▸ **WORK INSTRUCTION**: Skip the pictures and copy all the data that follows exactly.

▸ **DATA PROVIDED**:
*** Block opens ***
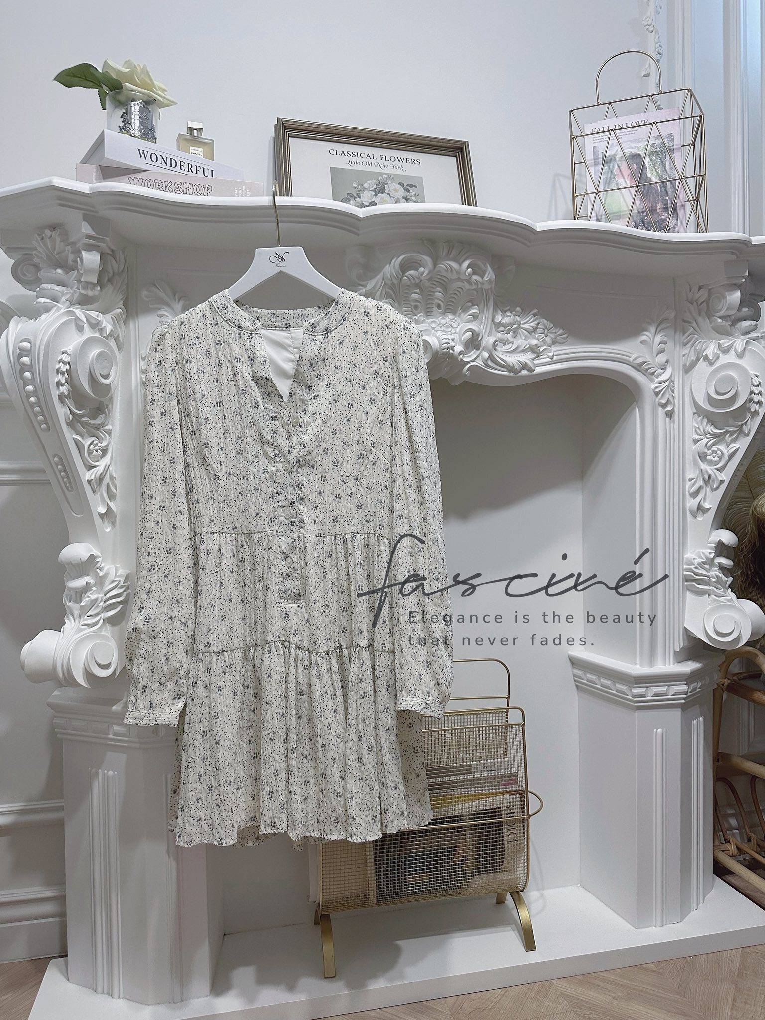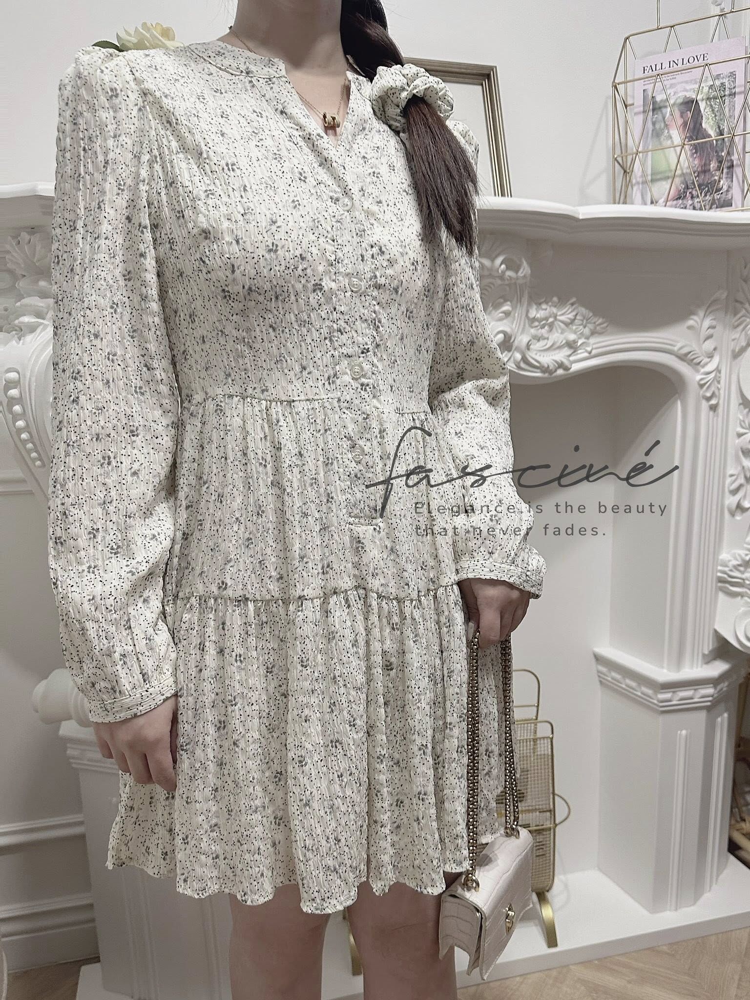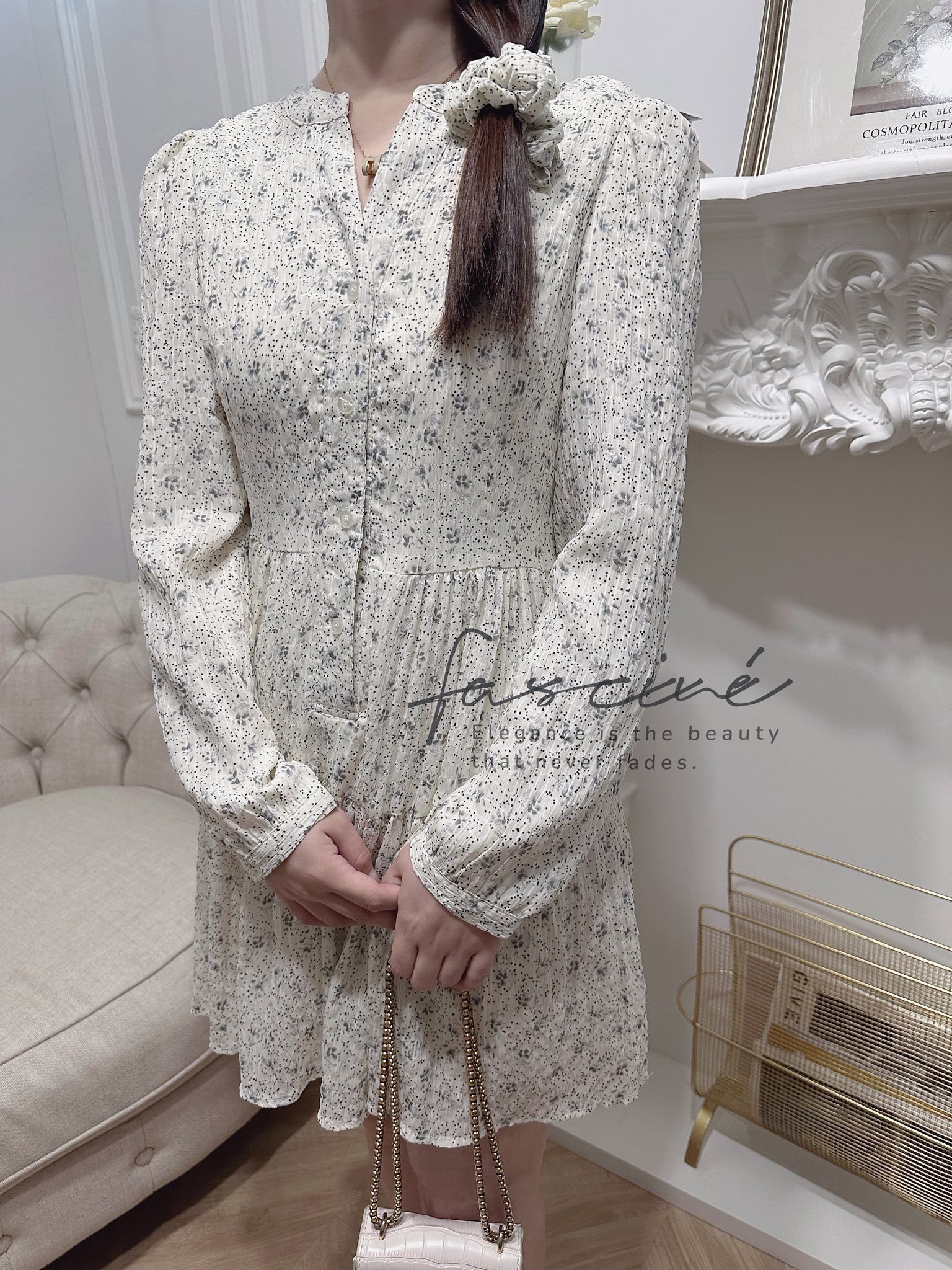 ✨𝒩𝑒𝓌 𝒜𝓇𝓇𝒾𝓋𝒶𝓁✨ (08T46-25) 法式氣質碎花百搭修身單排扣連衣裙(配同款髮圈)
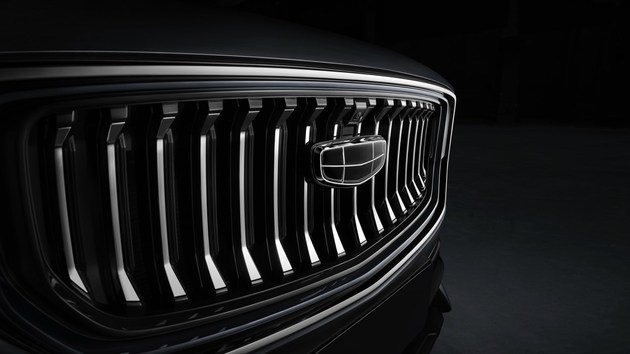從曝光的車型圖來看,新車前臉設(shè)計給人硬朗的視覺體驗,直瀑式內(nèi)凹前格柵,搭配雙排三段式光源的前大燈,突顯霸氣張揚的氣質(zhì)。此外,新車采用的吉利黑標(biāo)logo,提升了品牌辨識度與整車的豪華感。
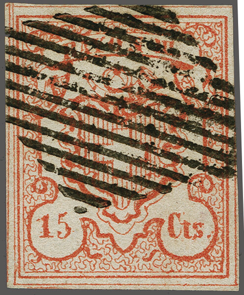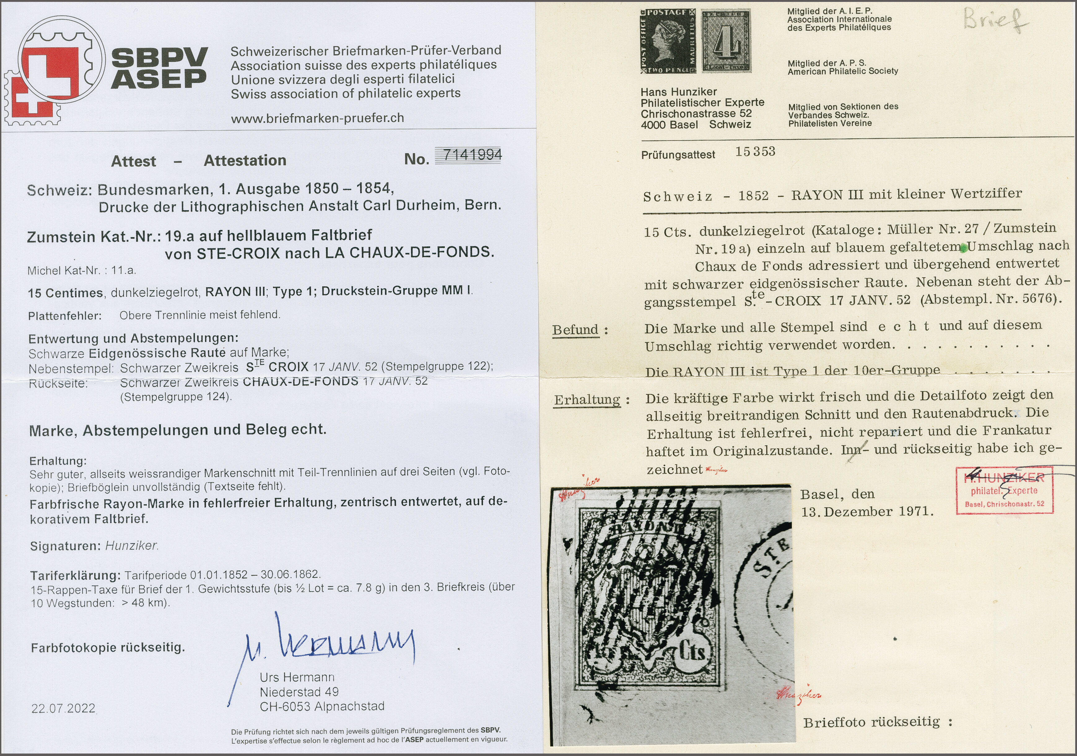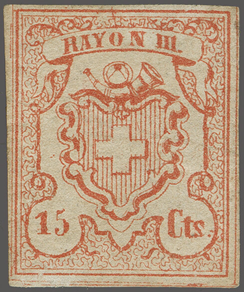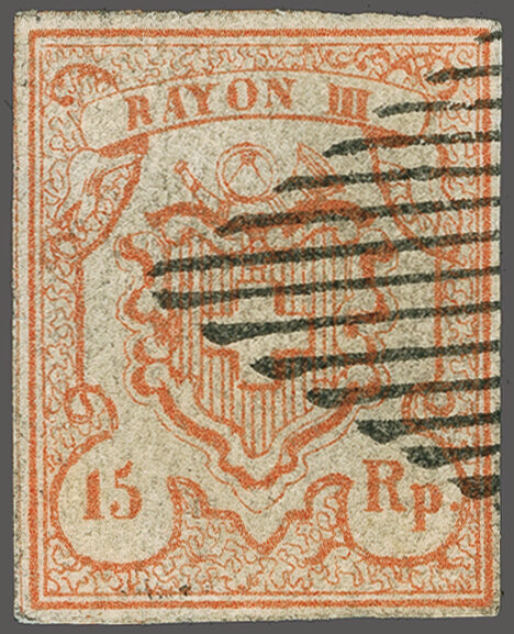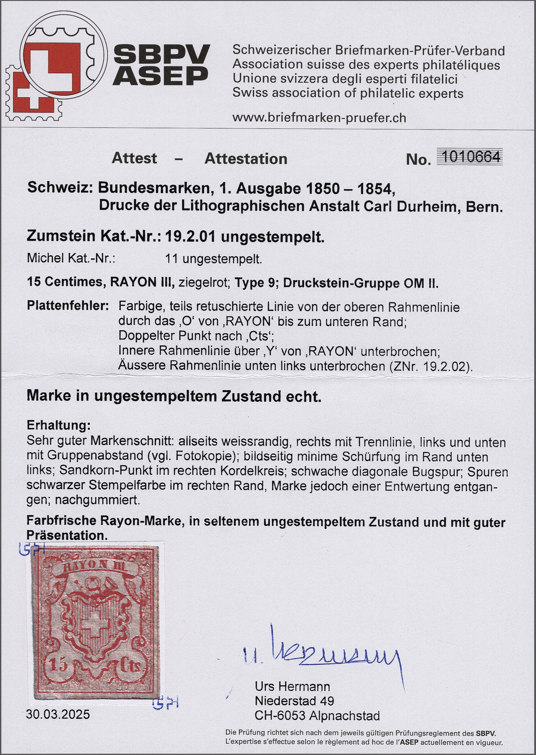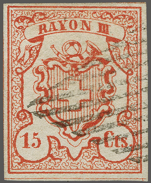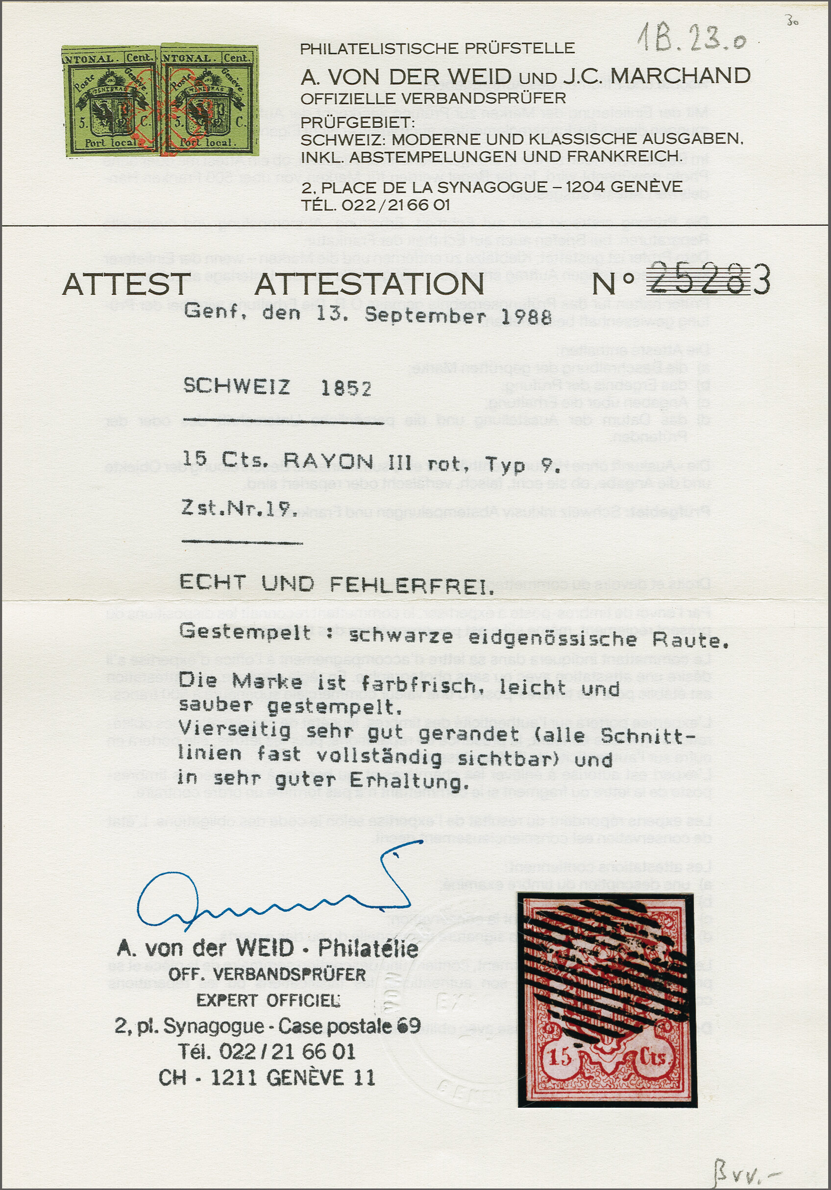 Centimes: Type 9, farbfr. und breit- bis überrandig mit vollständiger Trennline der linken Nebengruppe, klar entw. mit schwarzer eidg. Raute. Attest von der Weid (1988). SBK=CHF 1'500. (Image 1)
*** Block closes ***
▸ **RESPONSE AREA**:
 ✨𝒩𝑒𝓌 𝒜𝓇𝓇𝒾𝓋𝒶𝓁✨ (08T46-25) 法式氣質碎花百搭修身單排扣連衣裙(配同款髮圈)
從曝光的車型圖來看,新車前臉設(shè)計給人硬朗的視覺體驗,直瀑式內(nèi)凹前格柵,搭配雙排三段式光源的前大燈,突顯霸氣張揚的氣質(zhì)。此外,新車采用的吉利黑標(biāo)logo,提升了品牌辨識度與整車的豪華感。
 Centimes: Type 9, farbfr. und breit- bis überrandig mit vollständiger Trennline der linken Nebengruppe, klar entw. mit schwarzer eidg. Raute. Attest von der Weid (1988). SBK=CHF 1'500. (Image 1)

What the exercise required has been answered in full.